I would like to repair the system, of course. Can anybody help me, please? I will try to provide all information I will be able to get. I have got quite an old kernel (2.6.28) installed (because of drivers I needed for a certain unimportant device). It should be OK to use 2.6.34 if I manage to compile it. I just don't know where to start.

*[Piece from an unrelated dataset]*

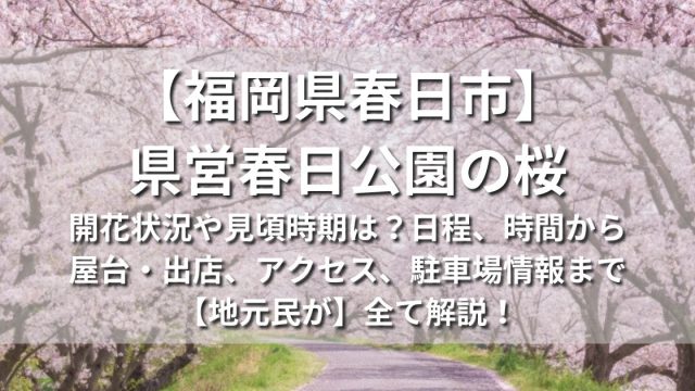 さくら祭り・桜の名所・花見スポット【福岡県春日市】県営春日公園の桜 2025年の開花状況や見頃時期は?屋台・出店、駐車場まで【地元民が】全て解説! この記事では、福岡県春日市の人気花見スポット、春日公園の桜2025年の開花状況や見頃時期、イベントの日程、時間、場所などの基本情報から屋台・出店、混雑状況、アクセス、駐車場情報まで【地元民が】全て分かりやすく解説します。さくら祭り・桜の名所・花見スポット

Thank you.Last edited by miraceti on Wed Aug 04, 2010 11:29 pm; edited 1 time in total

----------

## ssteinberg

emerged new udev?

Switch to the new libata using sata device names (/dev/sdx). Check kernel configs, it is there.

----------

## miraceti

 *ssteinberg wrote:*   

> emerged new udev?
> 
> Switch to the new libata using sata device names (/dev/sdx). Check kernel configs, it is there.

 

Yep. Probably new udev.

But how to do that? I need to compile a new kernel, I guess. I cannot do it when the system has not booted up and I have not write access to my disc. Any workaround?

----------

## krinn

https://forums.gentoo.org/viewtopic-t-829329-highlight-dev+sda+missing.html

----------

## NeddySeagoon

miraceti,

libata migration guide

There seems to be some anecdotal evidence that you need to rebuild hal too.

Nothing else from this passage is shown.